All’Universitätsstrasse, raggiungibile in metrò (linea 1, rossa), si doveva cambiare e prendere, appunto, il 38. Ma tardava, oppure (semplicemente) non era tra i più frequenti e frequentati, il 38 che finiva la sua corsa nel sobborgo di Grinzing. Così gironzolavo tra i negozi e le vetrine del sottopasso, in attesa. E mi guardavo intorno, e mi lasciavo guardare. Da un giovanotto che a tutti i costi voleva vendermi un giornale studentesco, da una truce fornaia che non si raddolcì nemmeno quando le comprai un krapfen, da uno spazzino cingalese che come un automa puliva e ripuliva pochi metri quadri del marciapiedi alla mia destra.

Sull’autobus (quando finalmente arrivò) c’erano pochi viaggiatori. Occupai subito un posto in fondo, vicino al finestrino. La giornata era luminosa, non troppo calda: l’avvio di un agosto clemente e solidale. Il traffico intorno al bus ordinato e silenzioso, in quella Vienna ritrovata dopo dieci anni: d’estate e non più a Natale, da sola e non più con la famiglia. Mi sentivo felice: stavo realizzando un desiderio a lungo covato nell’anima.

Grinzing godeva di una leggendaria fama. Era il paese del vino e delle osterie, delle bevute e della musica popolare, delle serate passate al fresco, sotto pergolati di pampini e grappoli violastri. In pochi lo conoscevano per la ragione per cui lo conoscevo io. Seguivo con attenzione sospesa tutte le fermate dell’autobus (chi saliva e chi scendeva, chi prendeva posto e chi preferiva rimanere in piedi): confrontavo sulla mia mappa ogni nome di via, ogni piazza, distratta solo, e per poco tempo, dall’irrompere eccitato e vociante di una classe elementare accompagnata da due maestre. Dovevo scendere prima del capolinea. Non sapevo bene se una o due fermate prima. Mi aiutò a decidere un’indicazione segnaletica: “Grinzinger Friedhof”. E lì scesi.

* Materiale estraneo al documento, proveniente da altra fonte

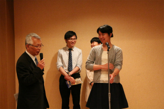 懇親会であいさつをする森永校長
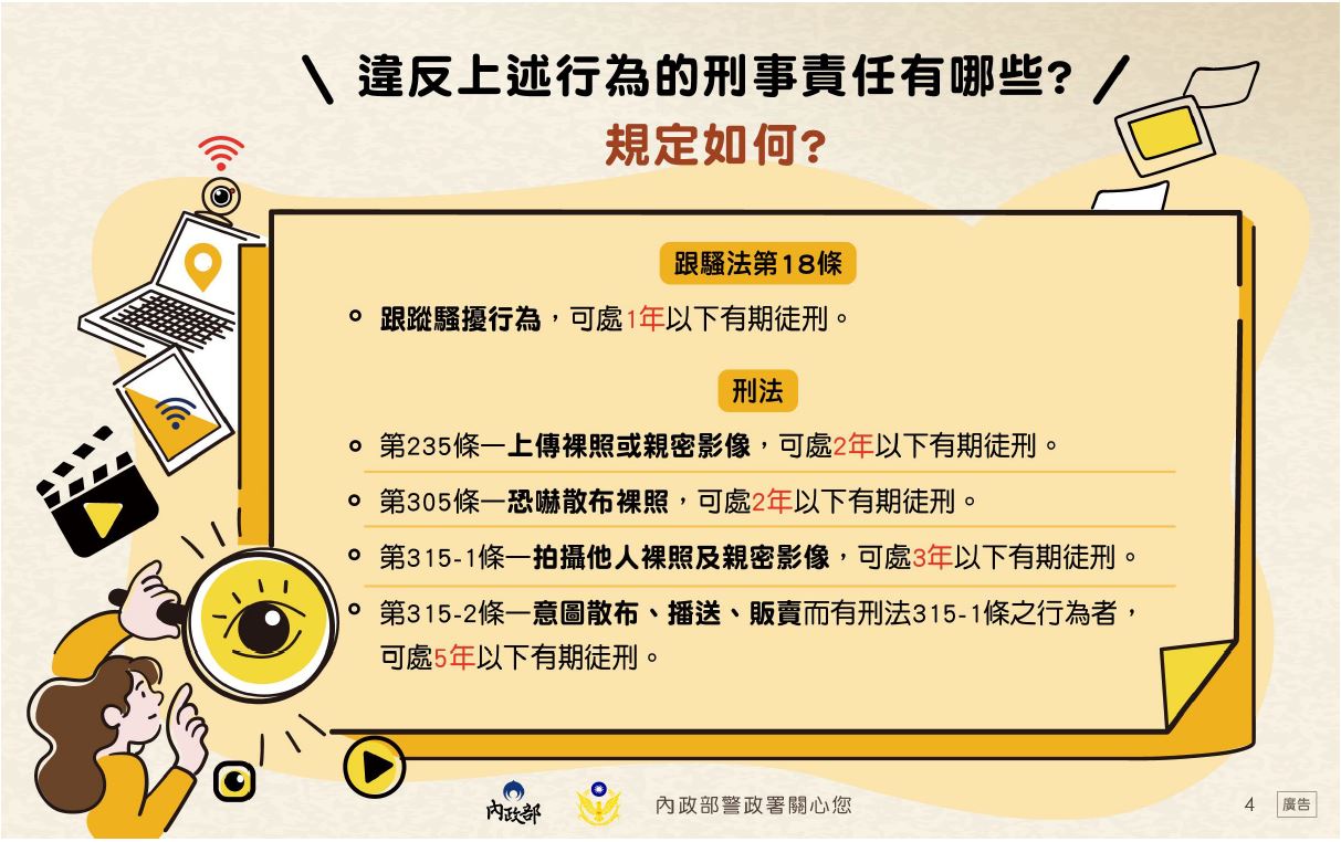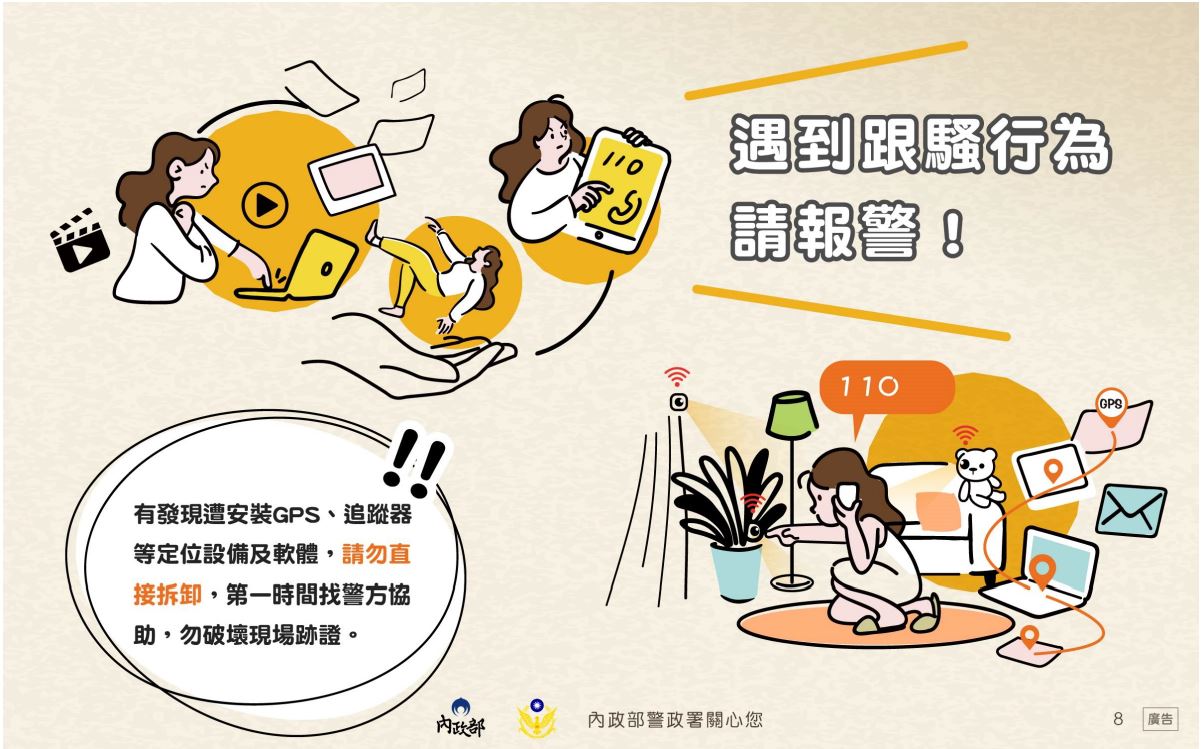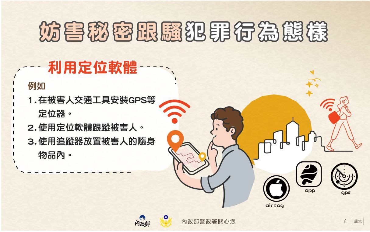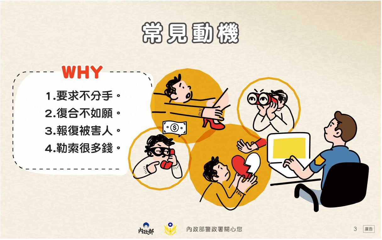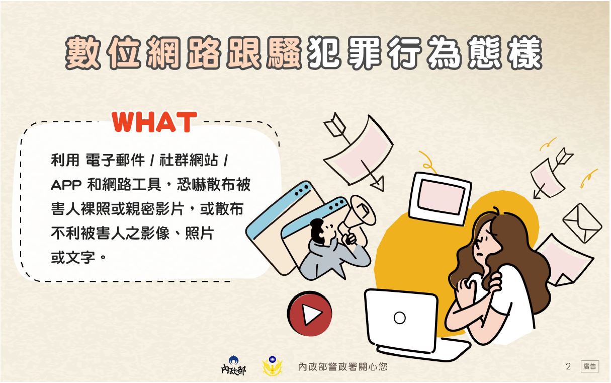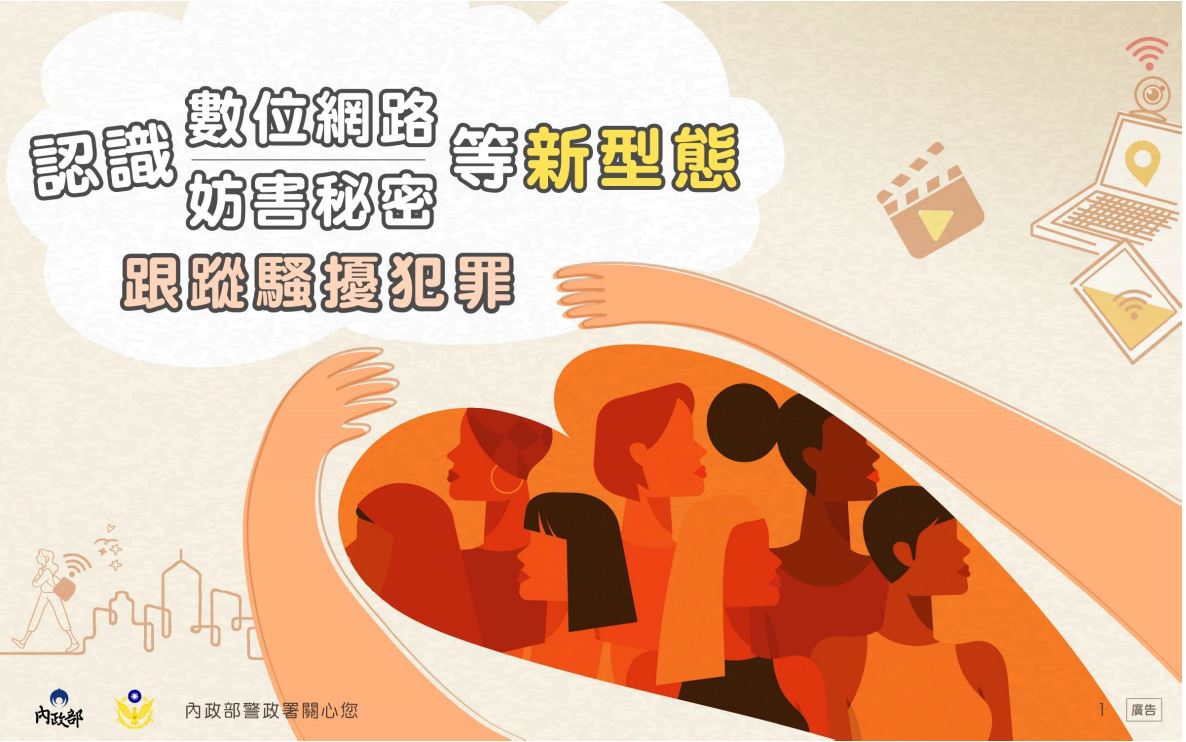 鑒於數位性別暴力事件日益增多,且不乏使用網路實施跟蹤騷擾行為(例如利用電子郵件、社群網站等網路工具,威脅散布被害人裸照或親密影片等,內政部警政署設計「認識數位網路/妨害秘密等新型態跟蹤騷擾犯罪」宣導懶人包。

Percorsi un vialetto alberato in salita. In fondo, un cancello con un’iscrizione severa. Prima di entrare, mi fermai a comperare i fiori: «Tre rose bianche», chiesi alla vecchia fioraia, e poi, quasi scusandomi, quasi timidamente, indicazioni su dove potevo trovarlo. «Der Musiker?», rispose. A sinistra, fila n. 6.

Sul ghiaino i miei sandali scricchiolavano. Come sempre incerta, impacciata, domandai ancora a una donna che camminava energica e sicura tra le tombe. Non sapeva, non lo conosceva. Ma era invece proprio lì, a sinistra. Fila n.6: GUSTAV MAHLER.

Posai le tre rose sul marmo. Grazie per l’andante della sesta, per l’adagio della nona, per Das Lied von der Erde.